テレビ・ジャンルの中には、情報番組・バラエティ・スポーツ・ドラマなどが存在する。その中で、テレビ・ドキュメンタリーというジャンルは 1950年代草創期以降、長い間、視聴者に愛されてきた。テレビ・ドキュメンタリーは他の番組とは違って、「スタジオ」や「生中継」といった場所と時間の制限がない特殊な形態をしている。当初の「テレビ批判」「社会教養番組」という役割はさらに領域を広げ、現代では芸能、趣味、プロフェッショナルなど、より視聴者に身近な題を取りあげられるようになった。テレビ・ドキュメンタリーの現代における社会的役割、また、長年視聴者を獲得し続けている理由を、NHK『ドキュメント 72時間』を中心に研究した。第 1章では、様々なテレビ・ジャンルの中でテレビ・ドキュメンタリーはどのような役割を務めているか提示した。アンケート対象番組制作会社 339社の中でドキュメンタリーは 5

番目に多く制作されており、かつては視聴者の「知的好奇心」を満たすものとして機能していた。第 2章では、吉田直哉や小沢一郎、森達也といった著名な 6人のドキュメンタリー作家を取りあげ、吉田直哉等のジャーナリスト的な性格や、牛山純一のテレビ的性格等を比較した。そして、結局「ドキュメンタリー」とは一つの解釈を提示しているに過ぎないという主張をした。第 3 章では、牛山純一の論をさらに展開させ、「テレビの特質」と「個人の魅力」について提示し、第 4 章では、NHK『ドキュメント 72 時間』の撮影方法・撮影対象、撮影者と被写体の不安定な関係について考察した。第 5章・第 6章では、番組内から 2つの回を取りあげ、番組の基本形をしている聞き込み型ドキュメンタリーさらに、番組内では例外的な密着型ドキュメンタリーの内容の流れを分析した。

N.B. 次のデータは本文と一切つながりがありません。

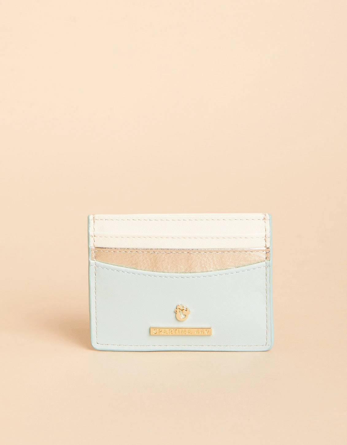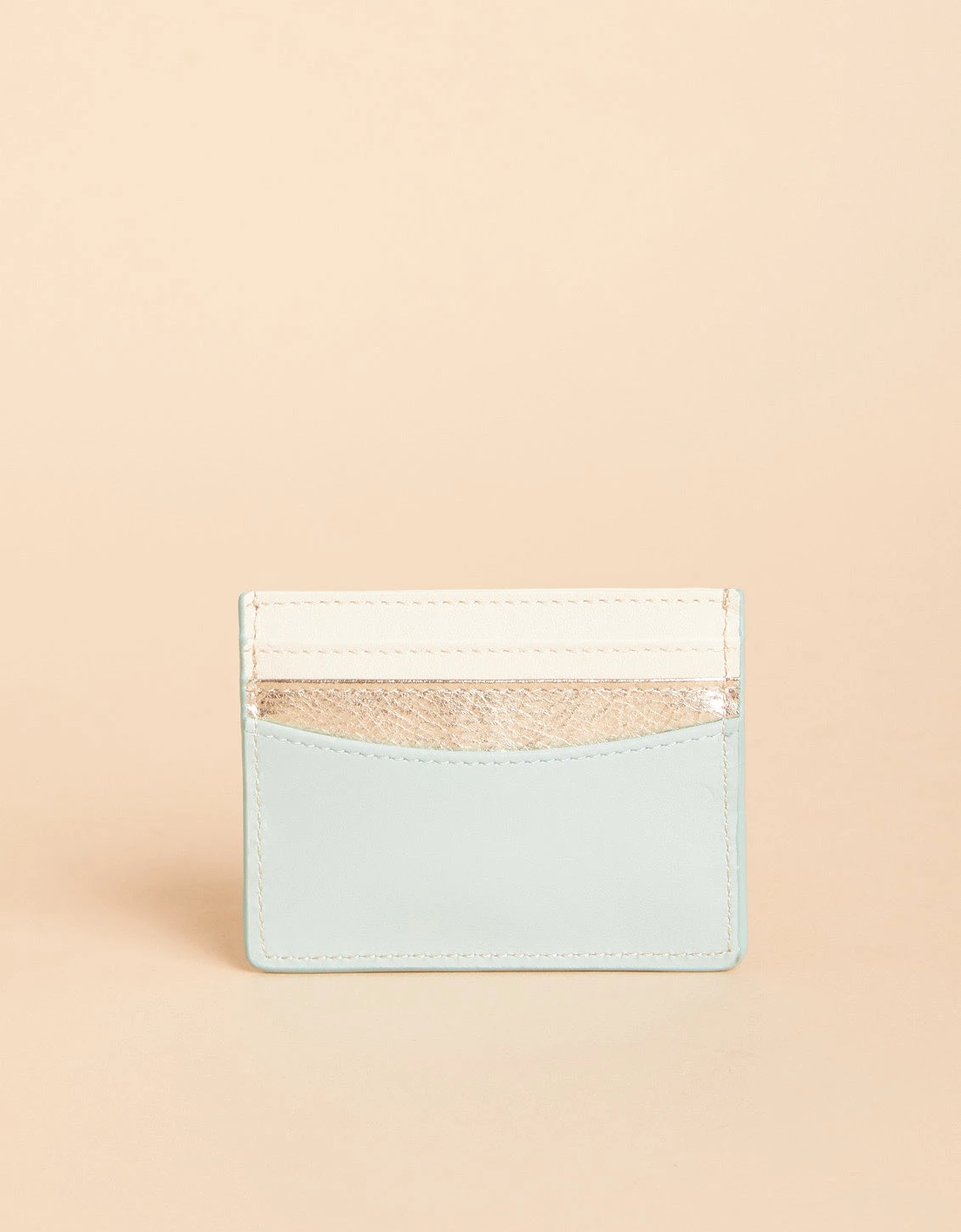Slim and stylish, this cardholder is made slip into your tote. Made in a sea glass color block, luxurious top grain leather with napa leather accents and featuring 7 RFID protected card pockets, our Cardholder is ready for anything.

第 7章では「個人の魅力」がテレビ・ドキュメンタリーの大きな要素になっていることについて「レンタルなんもしない人」を取りあげ、彼のテレビ的な部分を明確化した。第 8章では、『ドキュメント 72時間』特有の定点観察の効果について、また、撮影者が客観的な撮影者に徹することなく、撮影者と対象者の「対話」を軸に番組を構成していることについて論じた。第 9章では、番組を構成するレーション・テロップ・音声・音楽・画といった 5つの要素を抜き出して表にまとめ、分析した。結果として、画や音声が場面の状況説明、ナレーションやテロップが視聴者の思考過程の誘導、そして最終的に「音楽」が視聴者の感情を揺さぶる決定的な要素になっていると主張した。テレビ・ドキュメンタリーは編集過程において、番組制作者側が視聴者に「見るべき視点」「感ずるべき感情」を与える仕組みを作り出しているとした。NHK『ドキュメント 72時間』は一貫として「人生」をテーマにしている。視聴者に被写体(対話者)の多種多様な人生を提示することで、視聴者に現代の様々な「生き方」を知ってもらう役割を担っているのだ。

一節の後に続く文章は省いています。